In some places, they had men who guarded the queues but ultimately it was the “mama warriors”, women who lived in the community and knew everyone, who ensured that no one stepped out of line.
Last year. at least seven children died of severe malnutrition in Butterworth in the Eastern Cape and the Gift of the Givers says the situation remains dire.
The organisation’s Corene Conradie said in the Eastern Cape, where they were involved with 50 soup kitchens, many people were undocumented and the statistics were not a true reflection of the enormity of the problem.
“Children are dying as we speak. Schools can’t keep up with the amount of hungry children,” she said.
Conradie said many old-age homes were also unable to provide their residents with meals.
“In East London, every Wednesday is refuse removal day and every Wednesday families scratch in bins for food and lick the bones that they find because they have nothing else to eat,” she said.
The Gift of the Givers representative in the Northern Cape, Emily Thomas, said farming and mines provided many of the jobs and resulted in “seasonal hunger” as the workers were only employed for specific periods of time.
From as early as 5am, people would place their bowls outside the soup kitchens to ensure that when they returned, they would be ahead of others in the queue and be guaranteed a meal for the day.
Thomas said two years ago they were involved in two soup kitchens in the Northern Cape, now they had 15 across the province.
She said poverty, coupled with alcohol and substance abuse, had increased the number of starving people.
Sometimes Gift of the Givers receive the names of 500 people who need food hampers, but when they arrive to deliver them there are 1 000 people. At one stage, they had to close their truck and leave because the situation “got out of hand”.
In another incident, a young man tried to stab the volunteers because he was so desperate for food, she said.
“There’s a lot of frustration among young people, even the sober-minded ones,” said Thomas.
She described the Northern Cape as “the forgotten province” and said the level of poverty was heart wrenching. Often those who worked on the grape farms ended up with no food during the off-season and all they would have to eat was raisins from the farms where they had worked.
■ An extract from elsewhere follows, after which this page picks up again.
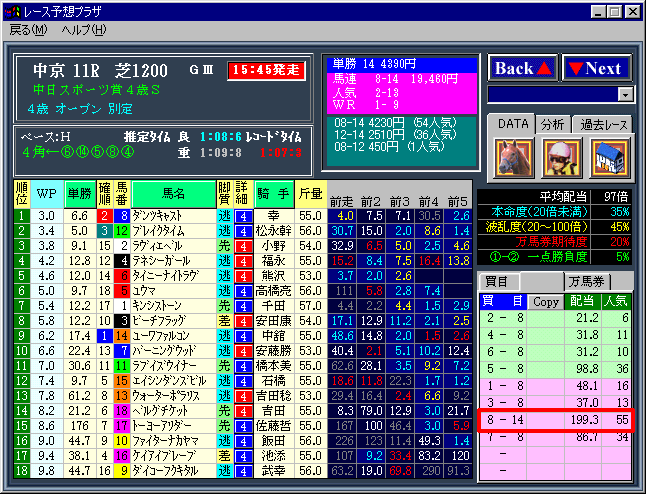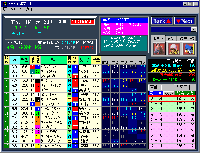 ↓ 画面はウイニングアイ2000のものです。
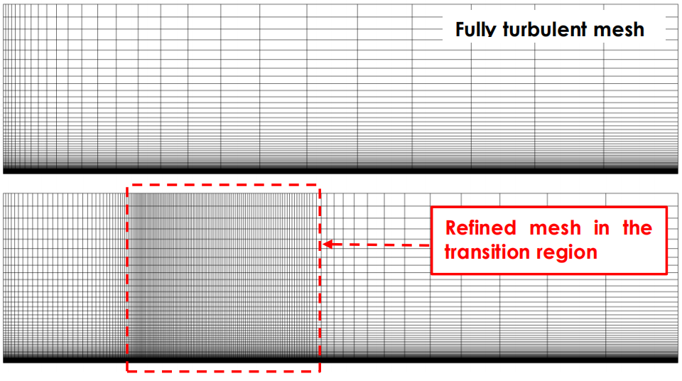 与完全湍流边界层相比,转捩边界层对网格分辨率更为敏感。完全湍流模拟的网格在转捩区域是不够的,特别是在流向方向。遗憾的是,大多数情况下,如果没有先行模拟,转捩位置是未知的。因此在使用转捩模型进行计算时,建议分为两阶段计算:

Gift of the Givers often got requests for food from clinics because cancer, HIV and TB patients were defaulting on their medication because they had no food.
“People with nothing will just boil a pot of water because they believe they are inviting hope into their homes and maybe then food will arrive,” said Thomas.
She said more skills-development programmes were needed in the province because young people finished matric and ended up literally just sitting at home, in the streets or outside shops, and often ended up in gangs.
“We must teach them how to work with money and start businesses because people from Somalia will come here and put up shop anywhere they find a gap and make a fortune. But our people don’t know how to do that,” she said.
Between March 2022 and March 2023 the following prices increases have taken place:
- 30kg of maize meal increased by 26% or R63.12.
- 10kg of cake flour increased by 20% or R20.51.
- Cooking oil is still 16% more expensive than a year ago, even though it has been decreasing in price.
- 10kg potatoes costs 52% more.
- 10kg onions costs 67% more.
- Brown bread is 17% more expensive.